At the individual level, we observed that larger snails had a higher survival rate at both the Low Temp group (91.6%, 95% CI 85.8–97.7%) and High Temp group (45.7%, 95% CI 31.9–65.6%) compared with the control group (76.5%, 95% CI 58.7–99.5%). At the population level, O. hupensis density closely tracks climate warming, with 92.0% of populations showing positive temperature sensitivity. Exposure during the coldest (January: 2.7 × 10–2, 95% CI 3 × 10–3–5.1 × 10–2; February: 3.3 × 10–2, 95% CI 1.1 × 10–2–5.6 × 10–2) and breeding seasons (April: 2.4 × 10–2, 95% CI 6 × 10–3–4.3 × 10–2; September–October: 3.5 × 10–2, 95% CI 2 × 10–3–6.8 × 10–2) had a greater influence on O. hupensis density under climate warming. O. hupensis in waterbody-dominated areas showed the largest density growth rates (ß = 1.6 × 10–1, 95% CI 1.1 × 10–1–2.2 × 10–1), whereas crop populations were the most sensitive to land cover, a 1% increase in crop cover was associated with a 0.2 increase in population density.

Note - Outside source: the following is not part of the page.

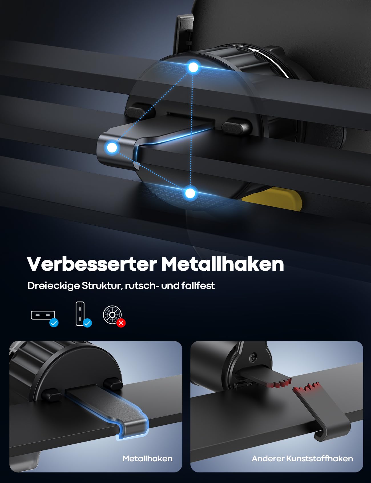 ["【Spring Clip Design & 1s Installation】The 2025 Lamicall car phone holder uses an automatic spring clip and metal hooks. One-handed operation, simply insert the metal hook into the vent, tighten and lock it, and complete the installation in 1s without repeated adjustments! In addition, the surface of the spring clip is wrapped with a thick layer of silica gel to perfectly protect the vent.","【One-Hand Operation】With the yellow quick-release button, you can quickly remove the smartphone within one second. The adjustable clamp arm can easily and securely grip the mobile phone; The 360-degree rotatable joint provides you with the best viewing angle. These designs of this phone car holder allow you to operate with one hand and provide you with safer and more comfortable travel and journeys.","【Innovative Material】The car phone holder smartphone is made of high-quality translucent acrylic material and innovative airbag rubber pad. The airbag silicone pad on both arms and the thick silicone pad on the legs fully cover and protect your phone comprehensively and effectively from scratches. No matter how bumpy the road is, it can securely grip the phone to prevent it from falling.","【Stable Structure & Metal Hooks】Self-retracting spring hooks do not damage the vent by rotating too tightly, and the metal hook is stronger and not easy to break. A solid triangular structure is formed between the universal car phone holder and the air outlet, fixing the car holder firmly on the air outlet and effectively avoiding the risk of the phone holder falling. Note: The hook extends 11mm-23mm. Round vents are not compatible.","【Wide Compatibility】Lamicall car vent phone holder is compatible with 4-7 inch devices, such as Apple iPhone 12 Pro, iPhone 12 Pro Max, iPhone Air, iPhone 11 Pro, iPhone 11 Pro Max, iPhone 11 Plus, iPhone 10 Plus, iPhone 10 Pro, iPhone 10 Pro Max, iPhone 9 Pro, iPhone 9 Pro Max, iPhone 8 Pro, iPhone 8 Pro Max, iPhone 7 Pro, 6 Mini, 6 Pro Max, 5 Pro, 5 Pro Max, Xs Max Xs XR X 8 7 7s 6s 6 Plus, Huawei Mate 30 20 10 Pro P30 P20 P10, Samsung S22 S21 S10+ S10 S9+ S9 S8 S8+ S7 S6 S5, Note 9 8 7 6, LG, HTC, for Sony, Nokia, Nexus, etc."]

At the ecosystem level, only 19.0–24.6% of populations were expected to benefit from climate change by 2100, and these benefiting populations were concentrated in regions where sampled wild snails had a mean body size of 8.2 mm. Cropland will account for 72.0% of populations benefiting from climate warming, compared with 17.2% in forests and 8.3% in impervious-dominated areas.

Conclusion

The O. hupensis populations grow under climate warming but are regulated by land-use types. To mitigate the impacts of climate warming and land-use on snails, surveillance and integrated interventions should be strengthened through multi-sector collaboration.